Il fantasma di Palazzo Chigi

settembre 1, 2018

Secondo la costituzione Italiana il presidente del consiglio dei ministri è colui che ha la maggiore responsabilità di Governo ed è il vero leader del paese e capo dell’esecutivo.Purtroppo in questa Italia uscita dalle ultime elezioni politiche questa regola viene totalmente stravolta dalla presenza di due vicepresidenti pentaleghini che si rincorrono a chi la dice più grossa,ad ogni loro uscita lo spreed ha un’impennata a suon di miliardi di euro che escono dalle casse dell’erario Italiano, il loro operato non è quello di risolvere i problemi ma quello di alimentarli in una estenuante e indefinita campagna elettorale permanete.Molti annunci, spesso contradittori,smentiti ogni volta dal ministro dell’economia che è costretto ad ogni uscita di gettare acqua sul fuoco per calmierare i mercati e garantire un Italia stabile dai conti in ordine.
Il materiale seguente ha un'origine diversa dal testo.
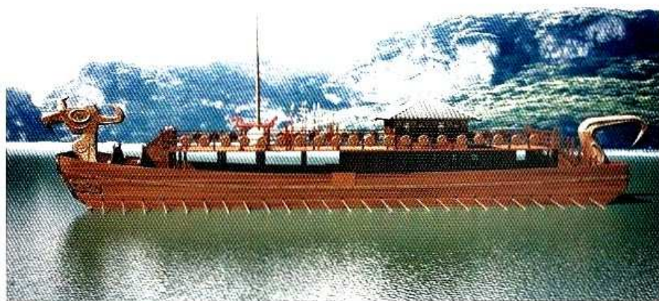
2. 吴国王舟舳舻造型效果图之一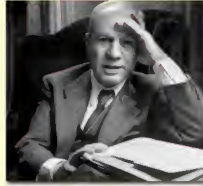
Philip K Hitti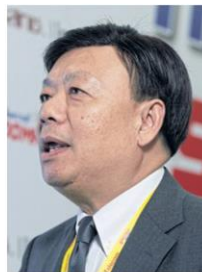
Takorn: NBTC cannot make AIS decision

AIS said it needed only two months to pay for the licence.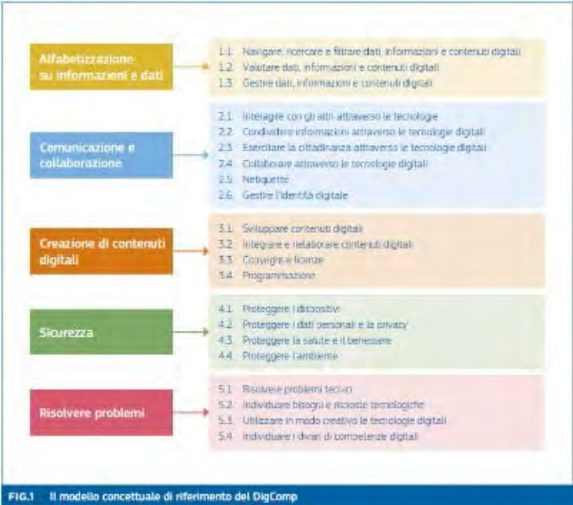
FIG.1 Il modello concettuale di riferimento del DigComp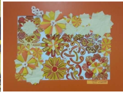
المشغولة ثلاثة وعشرون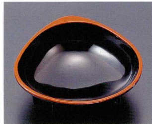
322-18 A はまぐり鉢 黒天朱 1-328-18 ¥700 (11.2×10.7×3.5) 梱200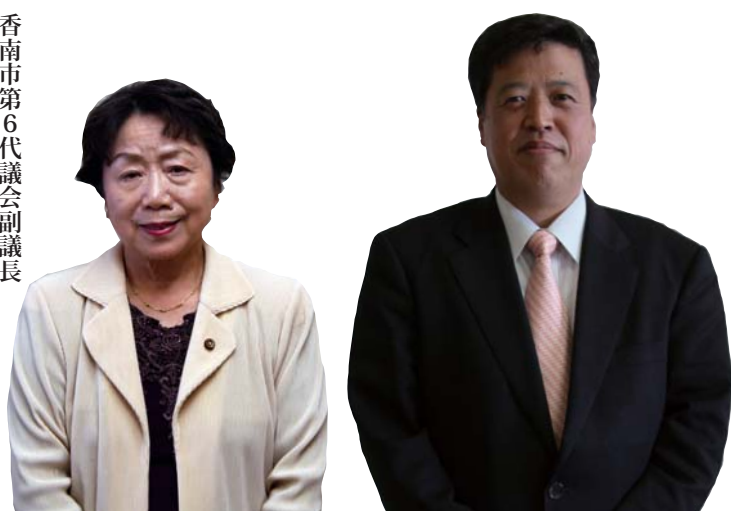
香南市第6代議会議長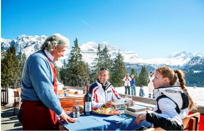
Madonna di Campiglio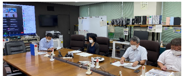
<協議会の様子(猪名川河川事務所)>

In tutto questo marasma il presidente del Consiglio dove è, non se ne ha notizia,forse sarebbe utile segnalare la situazione alla Sciarelli nella trasmissione televisiva “Chi L’Ha Visto”sarebbe utile capire dove si è nascosto, se la sua scomparsa è un’allontanamento volontario oppure la presenza ingombrante dei due vice lo mette in ombra facendolo sembrare un fantasma che si aggire confuso a palazzo Chigi.

Giancarlo Garro

Meglio abolire Fontana

agosto 5, 2018

Anzichè abolire la legge Mancino, sarebbe molto utile per il paese abolire Fontana.Questa specie estinta di homo fascistus,dove ancora esiste qualche esemplare,perchè dobbiamo ricordare a chi lo avesse dimenticato che quell’amnistia emanata dal ministro della giustizia del governo del CLN Palmiro Togliatti, ha permesso al seme malsano della gramigna fascista di poter parlare e candidarsi, sotto nuove vesti di facciata,nella democrazia italiana nata dalla Resistenza.Questi figuranti della politica possono esprimere qualsiasi sciocchezza grazie alla libertà data a questo paese dal sacrificio di sangue di migliaia di persone, che hanno lottato per un Italia nuova, purtroppo per noi e per l’intero paese li abbiamo ancora tra i piedi in parlamento.Non vorrei sembrare antidemocratico ma la legge Mancino è nata proprio per sancire con chiarezza che in questo paese non dovranno più emergere ideologie contrarie alla convivenza civile e all’uguaglianza di tutti i cittadini,di qualsiasi razza o religione di fronte alla legge.Mi rammarico per te onorevole Fontana perchè anche nel tuo governo Pentalegato sei un elemento isolato, ma che comunque in quel brodo con tendenze di destra estrema riesci a vivere e prosperare e sei usato come una piccola luminaria per attirare qualche nostalgico ancora incerto sulla reale sostanza di questo Governo.